First, we must be able to look at this teaching without any beliefs associated with it, to just focus on the deeper method he taught behind it. If we are Chris­tians or of any other religion, we can do both but should not let our beliefs interfere with the reasoning. Autocracy and rageful neighbors are betting we cannot unite around it, but when approached this way, it does not require a miracle.

To accommodate all readers, I equate the word God with life, the essence of life as a given without reference to any deity behind it. And I pro­pose that life as a whole be given a name, for as offspring of life, each of us has one. And likewise, since each of us produces words, life produces words. Rather than giving life a personal name, I call it Name and its one offspring Word, both without any reference to deity.

At the same time, for Christians, God is the Name and Jesus is the Word, so I refer to God and Jesus as Name and Word also, applicable to all other religions interpreted your own way. I use a story about Name and Word with both sym­bolic meaning about life and spiritual meaning about God. Either way, those who love life or “Name will dwell in it,”[1] and handle “the Word of life”.[2]

Typically, stories are created on the stage of the heart or the mind. This one is written as a screen­play for the mind of the heart.
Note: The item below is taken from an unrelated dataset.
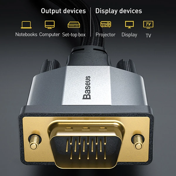 Baseus Enjoyment 1080P VGA To VGA Kablo Monitör Projeksiyon Kablosu 2Metre

The end notes are not essential to the story and, in fact, being nearly as long, distract from it. So, I recommend reading them and the Indices of Hebrew and Greek after the story, except for the pronunciation of a handful of new words in the indices and possi­bly end note 1, for it explains the method I use in interpre­tation and trans­la­tion of Hebrew and Greek.

The story about Name and Word begins after my autobiog­raphy, which is brief but sets the stage due to contro­versies in my life. They appear to revolve around a surface conflict between cultural traditions, while the real conflict is between those who favor the pluralistic nature of democracy in both cultures and those in both who favor the non-pluralistic nature of autocracy. I use the name Abram and adopt other names for those in my life, except for my brother Terry.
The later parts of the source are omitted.